Entries taken from a collection:
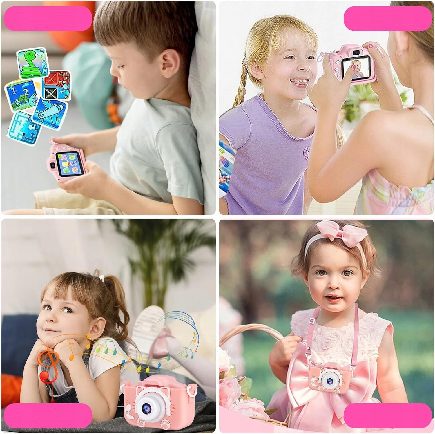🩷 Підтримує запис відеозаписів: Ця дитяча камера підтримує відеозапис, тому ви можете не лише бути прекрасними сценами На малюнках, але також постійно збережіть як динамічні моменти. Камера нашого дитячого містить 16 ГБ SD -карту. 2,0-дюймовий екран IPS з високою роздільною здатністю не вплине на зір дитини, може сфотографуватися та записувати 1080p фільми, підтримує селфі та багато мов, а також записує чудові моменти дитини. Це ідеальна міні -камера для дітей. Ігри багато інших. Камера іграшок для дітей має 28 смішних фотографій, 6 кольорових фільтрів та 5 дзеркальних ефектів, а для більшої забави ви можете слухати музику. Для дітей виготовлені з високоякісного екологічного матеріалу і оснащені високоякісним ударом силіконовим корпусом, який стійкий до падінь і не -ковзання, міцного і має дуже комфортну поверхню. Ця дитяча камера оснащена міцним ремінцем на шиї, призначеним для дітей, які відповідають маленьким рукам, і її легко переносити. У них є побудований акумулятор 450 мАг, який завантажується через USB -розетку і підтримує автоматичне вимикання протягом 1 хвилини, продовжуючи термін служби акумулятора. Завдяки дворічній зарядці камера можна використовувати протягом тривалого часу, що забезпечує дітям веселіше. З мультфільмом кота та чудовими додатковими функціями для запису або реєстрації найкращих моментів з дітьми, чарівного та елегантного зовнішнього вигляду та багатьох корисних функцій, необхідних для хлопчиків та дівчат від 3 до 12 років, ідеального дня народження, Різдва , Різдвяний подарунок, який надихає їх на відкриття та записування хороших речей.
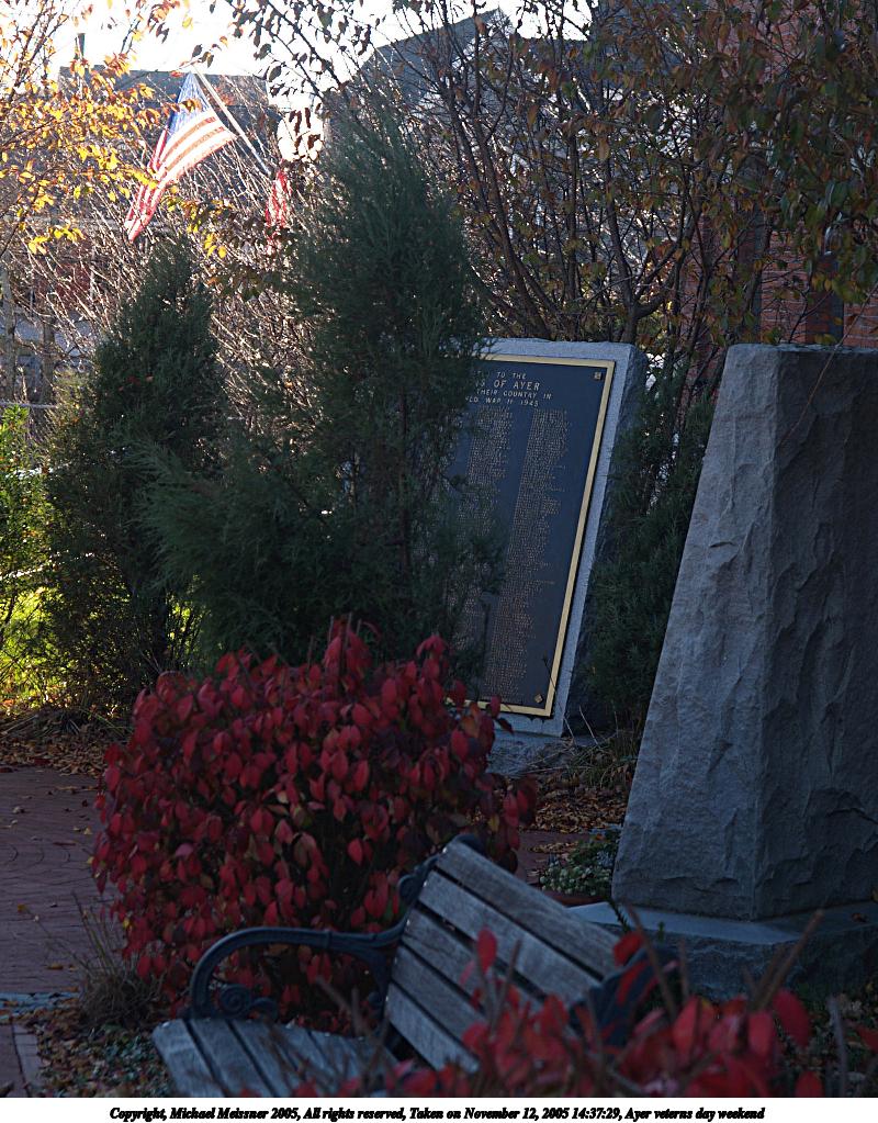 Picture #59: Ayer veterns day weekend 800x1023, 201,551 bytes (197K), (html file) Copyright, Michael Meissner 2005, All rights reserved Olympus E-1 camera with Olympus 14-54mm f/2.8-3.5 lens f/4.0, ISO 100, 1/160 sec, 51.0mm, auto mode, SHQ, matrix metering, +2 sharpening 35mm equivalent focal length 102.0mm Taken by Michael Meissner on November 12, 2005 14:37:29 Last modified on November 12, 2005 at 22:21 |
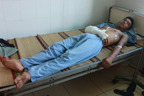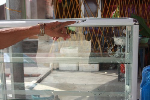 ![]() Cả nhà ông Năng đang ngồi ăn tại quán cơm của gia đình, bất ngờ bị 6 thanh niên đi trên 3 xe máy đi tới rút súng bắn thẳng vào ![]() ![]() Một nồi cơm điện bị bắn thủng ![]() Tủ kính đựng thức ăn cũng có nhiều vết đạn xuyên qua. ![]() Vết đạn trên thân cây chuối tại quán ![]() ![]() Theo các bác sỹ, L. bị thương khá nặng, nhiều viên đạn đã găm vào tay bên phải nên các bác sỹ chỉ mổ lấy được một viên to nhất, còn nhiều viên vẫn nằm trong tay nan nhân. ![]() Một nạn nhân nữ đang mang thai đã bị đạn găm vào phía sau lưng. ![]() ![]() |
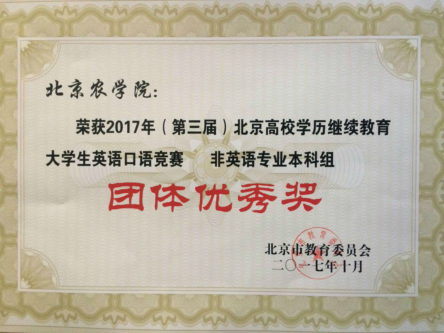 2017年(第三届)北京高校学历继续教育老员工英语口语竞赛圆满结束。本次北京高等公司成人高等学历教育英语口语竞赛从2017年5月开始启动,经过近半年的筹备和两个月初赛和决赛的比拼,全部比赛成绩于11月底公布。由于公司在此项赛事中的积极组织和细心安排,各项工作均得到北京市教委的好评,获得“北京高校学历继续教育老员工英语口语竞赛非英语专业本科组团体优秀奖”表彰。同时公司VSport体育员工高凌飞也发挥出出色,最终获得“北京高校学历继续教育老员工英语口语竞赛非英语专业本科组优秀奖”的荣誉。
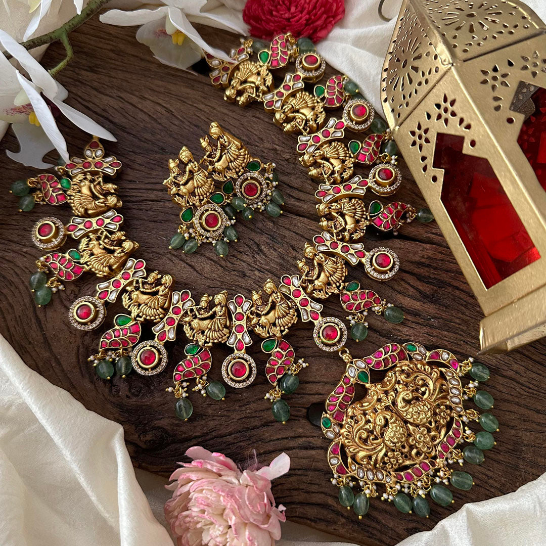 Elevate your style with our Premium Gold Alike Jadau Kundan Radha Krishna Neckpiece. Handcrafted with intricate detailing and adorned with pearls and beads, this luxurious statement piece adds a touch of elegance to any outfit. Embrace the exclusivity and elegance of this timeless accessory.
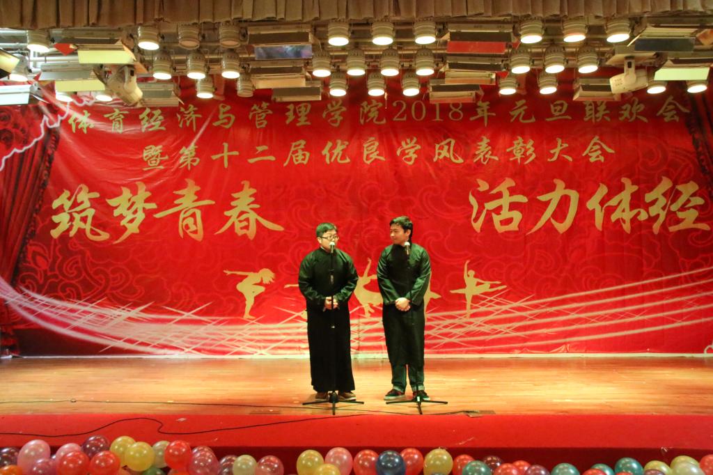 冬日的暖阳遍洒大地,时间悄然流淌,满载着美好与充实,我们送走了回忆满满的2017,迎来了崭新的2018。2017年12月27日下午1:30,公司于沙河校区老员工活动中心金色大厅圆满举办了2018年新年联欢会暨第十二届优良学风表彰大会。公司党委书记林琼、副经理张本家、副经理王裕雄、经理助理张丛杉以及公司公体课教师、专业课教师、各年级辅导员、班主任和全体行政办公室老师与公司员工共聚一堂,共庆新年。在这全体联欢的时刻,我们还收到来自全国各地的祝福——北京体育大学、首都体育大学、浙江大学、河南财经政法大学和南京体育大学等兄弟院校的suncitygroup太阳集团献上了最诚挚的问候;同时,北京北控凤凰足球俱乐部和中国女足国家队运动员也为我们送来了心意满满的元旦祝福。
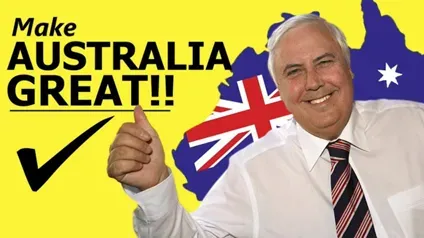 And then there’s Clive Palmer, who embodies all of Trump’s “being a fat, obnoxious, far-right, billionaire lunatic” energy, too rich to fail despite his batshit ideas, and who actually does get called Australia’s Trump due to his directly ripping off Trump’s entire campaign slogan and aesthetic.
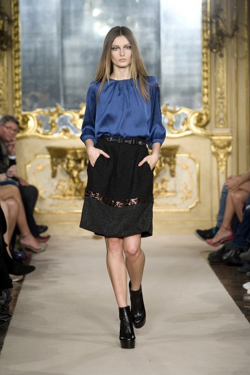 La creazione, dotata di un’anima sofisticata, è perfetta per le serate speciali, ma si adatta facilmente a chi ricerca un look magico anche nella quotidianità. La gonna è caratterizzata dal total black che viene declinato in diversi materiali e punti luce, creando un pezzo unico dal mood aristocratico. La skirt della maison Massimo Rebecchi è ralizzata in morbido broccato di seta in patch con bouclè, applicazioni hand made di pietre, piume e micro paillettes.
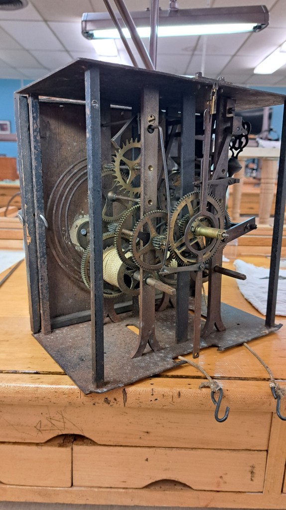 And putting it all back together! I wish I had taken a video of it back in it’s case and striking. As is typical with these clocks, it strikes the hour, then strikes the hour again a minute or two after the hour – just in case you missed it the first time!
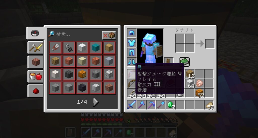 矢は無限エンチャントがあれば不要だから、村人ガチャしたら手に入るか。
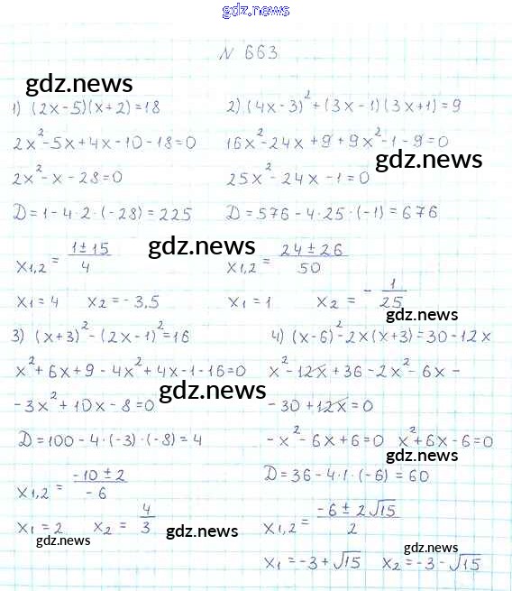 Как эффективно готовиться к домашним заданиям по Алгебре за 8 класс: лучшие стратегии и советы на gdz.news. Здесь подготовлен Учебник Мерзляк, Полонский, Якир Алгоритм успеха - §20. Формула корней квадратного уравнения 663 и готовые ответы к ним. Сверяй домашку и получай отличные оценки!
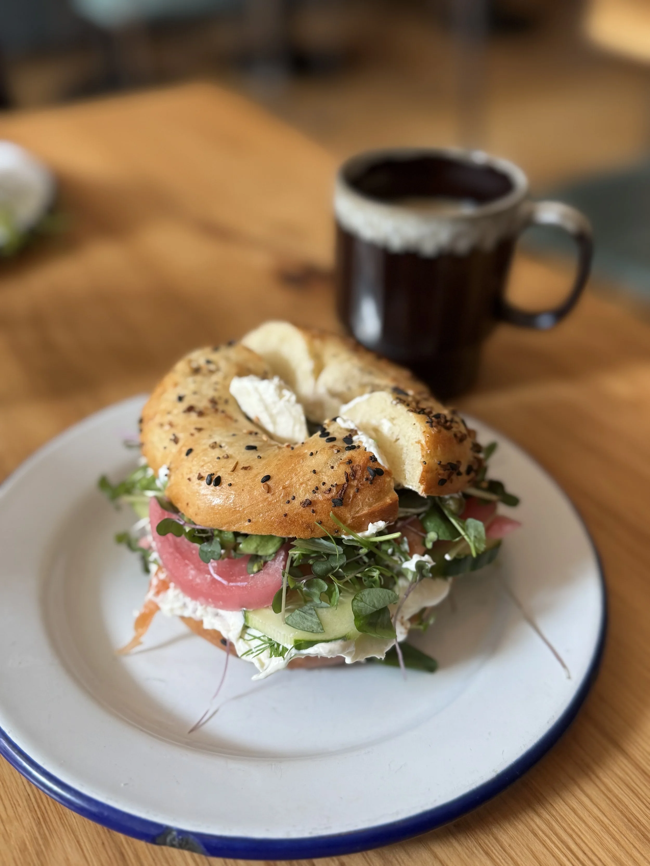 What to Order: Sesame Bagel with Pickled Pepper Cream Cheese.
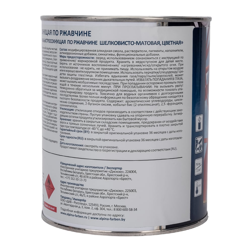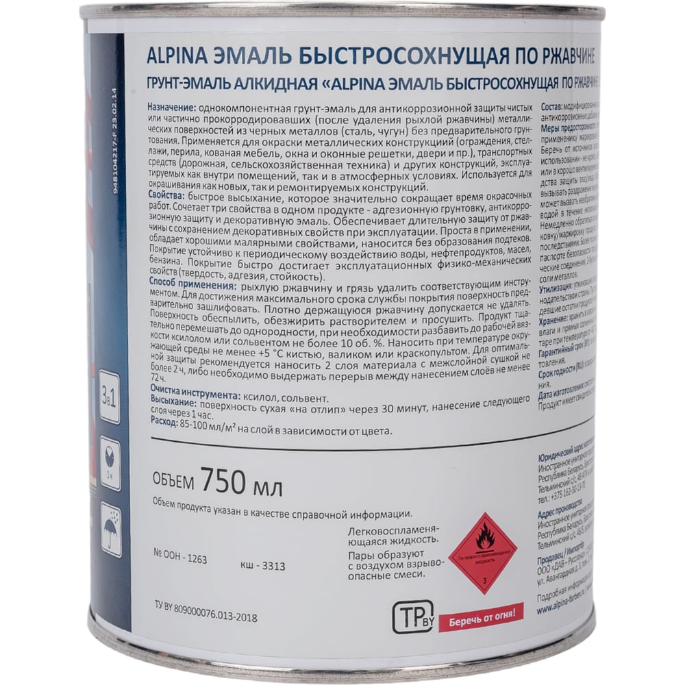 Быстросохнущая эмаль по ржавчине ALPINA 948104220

**WHAT THE TASK REQUIRES:** Set every record down exactly, omitting pictures.

**ANSWER TO THE PROBLEM:**
🩷 Підтримує запис відеозаписів: Ця дитяча камера підтримує відеозапис, тому ви можете не лише бути прекрасними сценами На малюнках, але також постійно збережіть як динамічні моменти. Камера нашого дитячого містить 16 ГБ SD -карту. 2,0-дюймовий екран IPS з високою роздільною здатністю не вплине на зір дитини, може сфотографуватися та записувати 1080p фільми, підтримує селфі та багато мов, а також записує чудові моменти дитини. Це ідеальна міні -камера для дітей. Ігри багато інших. Камера іграшок для дітей має 28 смішних фотографій, 6 кольорових фільтрів та 5 дзеркальних ефектів, а для більшої забави ви можете слухати музику. Для дітей виготовлені з високоякісного екологічного матеріалу і оснащені високоякісним ударом силіконовим корпусом, який стійкий до падінь і не -ковзання, міцного і має дуже комфортну поверхню. Ця дитяча камера оснащена міцним ремінцем на шиї, призначеним для дітей, які відповідають маленьким рукам, і її легко переносити. У них є побудований акумулятор 450 мАг, який завантажується через USB -розетку і підтримує автоматичне вимикання протягом 1 хвилини, продовжуючи термін служби акумулятора. Завдяки дворічній зарядці камера можна використовувати протягом тривалого часу, що забезпечує дітям веселіше. З мультфільмом кота та чудовими додатковими функціями для запису або реєстрації найкращих моментів з дітьми, чарівного та елегантного зовнішнього вигляду та багатьох корисних функцій, необхідних для хлопчиків та дівчат від 3 до 12 років, ідеального дня народження, Різдва , Різдвяний подарунок, який надихає їх на відкриття та записування хороших речей.
 Picture #59: Ayer veterns day weekend 800x1023, 201,551 bytes (197K), (html file) Copyright, Michael Meissner 2005, All rights reserved Olympus E-1 camera with Olympus 14-54mm f/2.8-3.5 lens f/4.0, ISO 100, 1/160 sec, 51.0mm, auto mode, SHQ, matrix metering, +2 sharpening 35mm equivalent focal length 102.0mm Taken by Michael Meissner on November 12, 2005 14:37:29 Last modified on November 12, 2005 at 22:21 |
 ![]() Cả nhà ông Năng đang ngồi ăn tại quán cơm của gia đình, bất ngờ bị 6 thanh niên đi trên 3 xe máy đi tới rút súng bắn thẳng vào ![]() ![]() Một nồi cơm điện bị bắn thủng ![]() Tủ kính đựng thức ăn cũng có nhiều vết đạn xuyên qua. ![]() Vết đạn trên thân cây chuối tại quán ![]() ![]() Theo các bác sỹ, L. bị thương khá nặng, nhiều viên đạn đã găm vào tay bên phải nên các bác sỹ chỉ mổ lấy được một viên to nhất, còn nhiều viên vẫn nằm trong tay nan nhân. ![]() Một nạn nhân nữ đang mang thai đã bị đạn găm vào phía sau lưng. ![]() ![]() |
 2017年(第三届)北京高校学历继续教育老员工英语口语竞赛圆满结束。本次北京高等公司成人高等学历教育英语口语竞赛从2017年5月开始启动,经过近半年的筹备和两个月初赛和决赛的比拼,全部比赛成绩于11月底公布。由于公司在此项赛事中的积极组织和细心安排,各项工作均得到北京市教委的好评,获得“北京高校学历继续教育老员工英语口语竞赛非英语专业本科组团体优秀奖”表彰。同时公司VSport体育员工高凌飞也发挥出出色,最终获得“北京高校学历继续教育老员工英语口语竞赛非英语专业本科组优秀奖”的荣誉。
 Elevate your style with our Premium Gold Alike Jadau Kundan Radha Krishna Neckpiece. Handcrafted with intricate detailing and adorned with pearls and beads, this luxurious statement piece adds a touch of elegance to any outfit. Embrace the exclusivity and elegance of this timeless accessory.
 冬日的暖阳遍洒大地,时间悄然流淌,满载着美好与充实,我们送走了回忆满满的2017,迎来了崭新的2018。2017年12月27日下午1:30,公司于沙河校区老员工活动中心金色大厅圆满举办了2018年新年联欢会暨第十二届优良学风表彰大会。公司党委书记林琼、副经理张本家、副经理王裕雄、经理助理张丛杉以及公司公体课教师、专业课教师、各年级辅导员、班主任和全体行政办公室老师与公司员工共聚一堂,共庆新年。在这全体联欢的时刻,我们还收到来自全国各地的祝福——北京体育大学、首都体育大学、浙江大学、河南财经政法大学和南京体育大学等兄弟院校的suncitygroup太阳集团献上了最诚挚的问候;同时,北京北控凤凰足球俱乐部和中国女足国家队运动员也为我们送来了心意满满的元旦祝福。
 And then there’s Clive Palmer, who embodies all of Trump’s “being a fat, obnoxious, far-right, billionaire lunatic” energy, too rich to fail despite his batshit ideas, and who actually does get called Australia’s Trump due to his directly ripping off Trump’s entire campaign slogan and aesthetic.
 La creazione, dotata di un’anima sofisticata, è perfetta per le serate speciali, ma si adatta facilmente a chi ricerca un look magico anche nella quotidianità. La gonna è caratterizzata dal total black che viene declinato in diversi materiali e punti luce, creando un pezzo unico dal mood aristocratico. La skirt della maison Massimo Rebecchi è ralizzata in morbido broccato di seta in patch con bouclè, applicazioni hand made di pietre, piume e micro paillettes.
 And putting it all back together! I wish I had taken a video of it back in it’s case and striking. As is typical with these clocks, it strikes the hour, then strikes the hour again a minute or two after the hour – just in case you missed it the first time!
 矢は無限エンチャントがあれば不要だから、村人ガチャしたら手に入るか。
 Как эффективно готовиться к домашним заданиям по Алгебре за 8 класс: лучшие стратегии и советы на gdz.news. Здесь подготовлен Учебник Мерзляк, Полонский, Якир Алгоритм успеха - §20. Формула корней квадратного уравнения 663 и готовые ответы к ним. Сверяй домашку и получай отличные оценки!
 What to Order: Sesame Bagel with Pickled Pepper Cream Cheese.
 Быстросохнущая эмаль по ржавчине ALPINA 948104220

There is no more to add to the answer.